Transcribed Image Text:**Educational Website Content: Analyzing Air Conditioning Sales Data**
An air conditioning company located in Central Florida collected data for the number of air conditioning units sold in the Central Florida area and for the outside temperature on the day that sales took place. The Sales Manager compiled the following table for analysis:
| Outside Temperature (Degrees F) | Sales (Number of air conditioning units sold) |
|---------------------------------|-----------------------------------------------|
| 68 | 3 |
| 72 | 5 |
| 78 | 7 |
| 81 | 12 |
| 84 | 15 |
| 86 | 16 |
| 91 | 22 |
| 93 | 18 |
| 94 | 19 |
| 94 | 26 |
**Analysis Steps:**
1. **Scatter Diagram and Linear Regression:**
- Plot a scatter diagram for this data and calculate the linear regression line. The goal is to describe the relationship between the dependent variable Y (number of air conditioning units sold) and the independent variable X (outside temperature in degrees Fahrenheit).

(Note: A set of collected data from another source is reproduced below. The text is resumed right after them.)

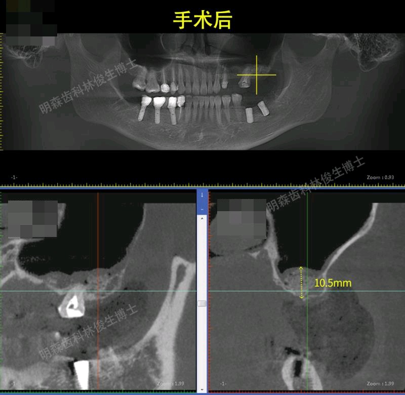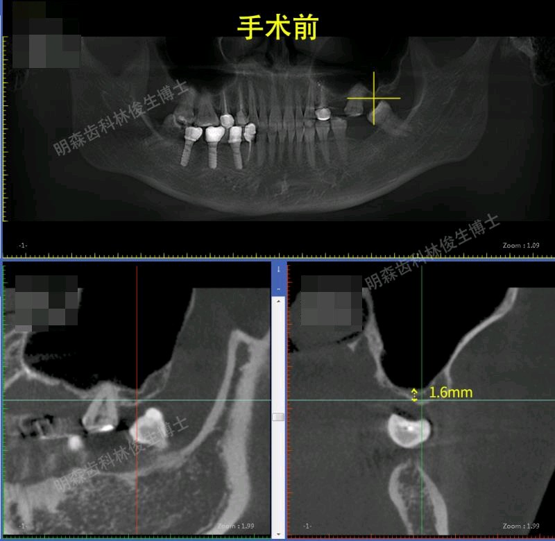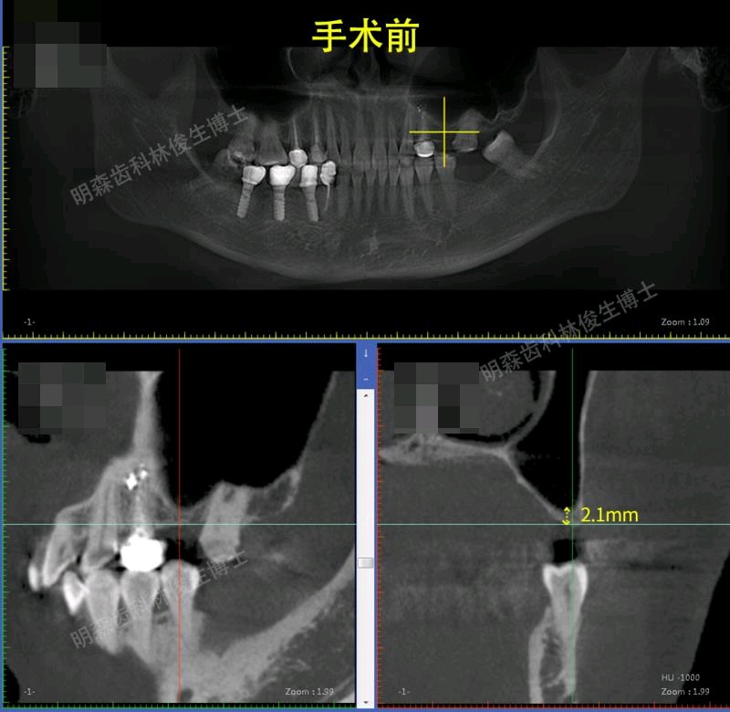 辅助检查:cbct示:25,27牙槽骨高度不足,36,37牙槽骨高度尚足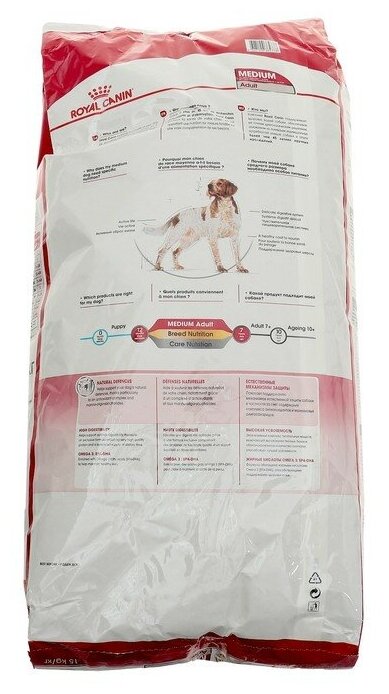Корм для собак средних размеров. Полнорационный корм для взрослых собак средних размеров (весом от 11 до 25 кг) в возрасте от 12 месяцев до 7 лет.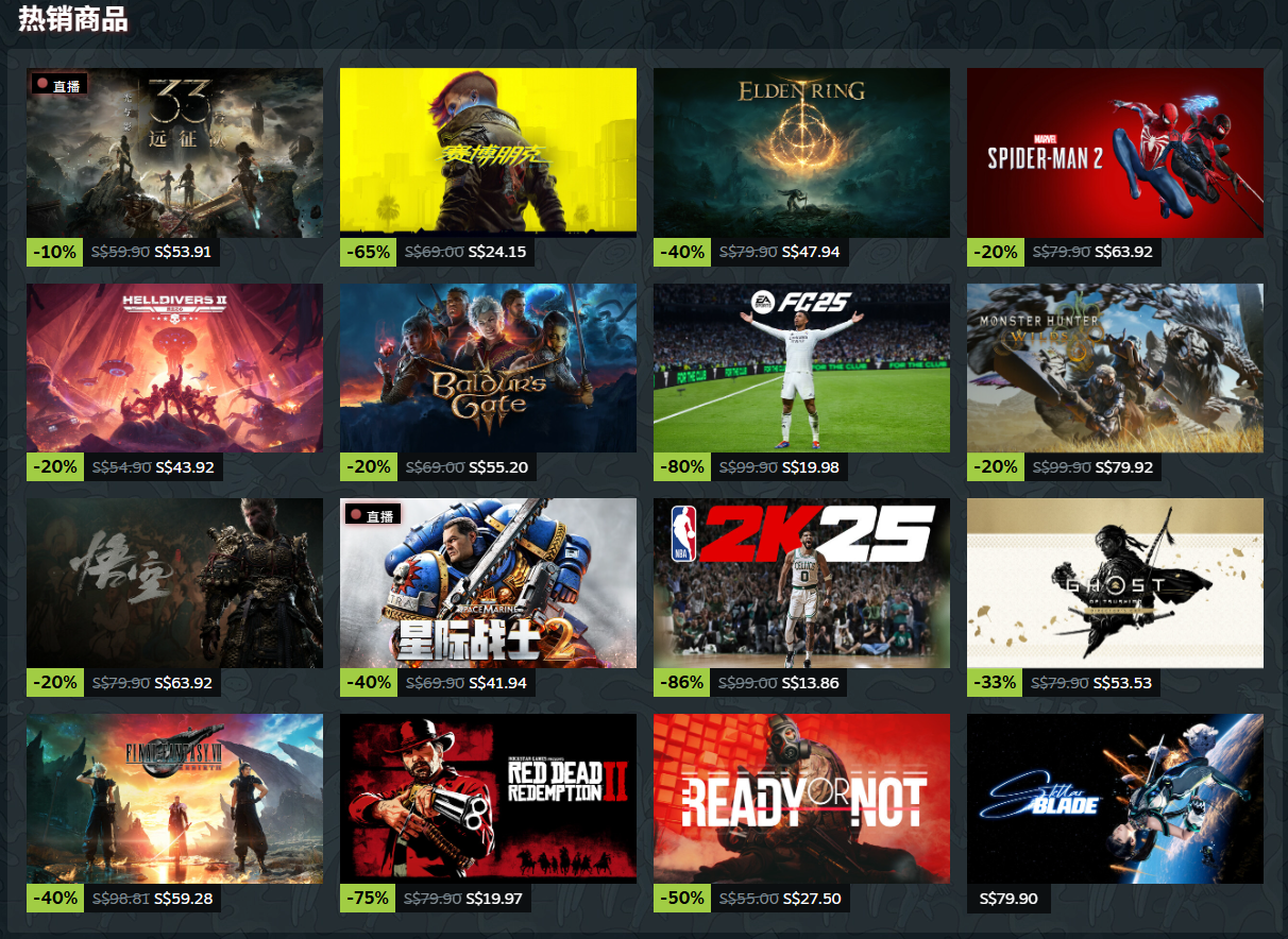 今年夏促活动中有多款热门大作参与促销,都是游戏热度高、口碑较好的游戏作品,而且折扣力度很大,值得入手!比如《赛博朋克2077》原价298元,现价104.30元,《无主之地3》原价199元,现价9.95元,《漫威银河护卫队》原价194元,现价29.4元,《小小梦魇2》原价118,现价11.8元,《黑神话:悟空》原价268元,现价214.40元,《对马岛之魂》原价398元,现价266.66元,《艾尔登法环》原价298元,现价208.6元。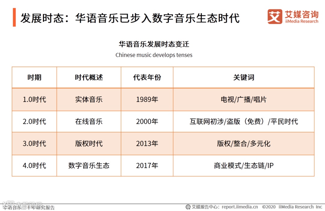 华语音乐历经30年的发展,经由音乐媒介的变革,再伴随独具天然优势的视频平台、在线音乐平台、短视频等流媒体平台的入局,行业向生态化发展,这宣告着华语乐坛步入了以数字音乐生态为鲜明特征的4.0时代。
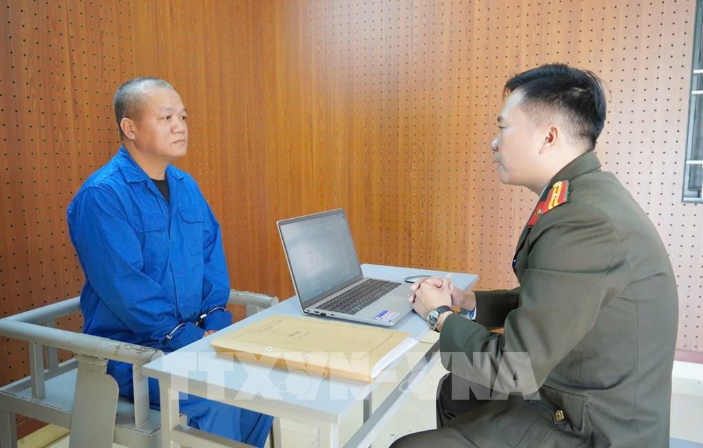 Đối tượng Lao Văn Mạnh tại cơ quan An ninh điều tra công an tỉnh Điện Biên. Ảnh: TTXVN phát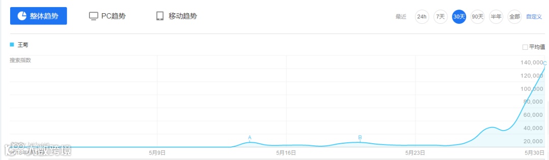 百度指数搜索王菊显示,百度搜索整体环比上升737%,从5月26日开始呈现持续上升趋势,并在29日出现了爆发式的增长。

- **Guidance:** The graph should resemble Figure 4.2 from the textbook.
2. **Linear Regression Calculation:**
- Perform the linear regression calculation based on the data provided. Deliver the linear regression equation that defines the relationship between Y and X.
- **Guidance:** Follow the procedures detailed in Table 4.2 of the textbook.
3. **Statistical Calculations:**
- Calculate the Sum of Squares for Total (SST), Sum of Squares for Error (SSE), and Sum of Squares for Regression (SSR) for this linear regression.
- **Guidance:** Follow the methods outlined in Table 4.3 of the textbook.
4. **Determining Correlation and Determination:**
- Calculate the coefficient of determination (\(r^2\)) and the coefficient of correlation (r).
5. **Prediction and Error Analysis:**
- Using the linear regression equation from step 2, estimate sales for:
- A day with an expected temperature of 84 degrees F.
- A day with an expected temperature of 94 degrees F.
- Calculate the error "e" by comparing estimated sales against actual sales from the dataset. Determine which temperature forecast provides a more accurate model explanation.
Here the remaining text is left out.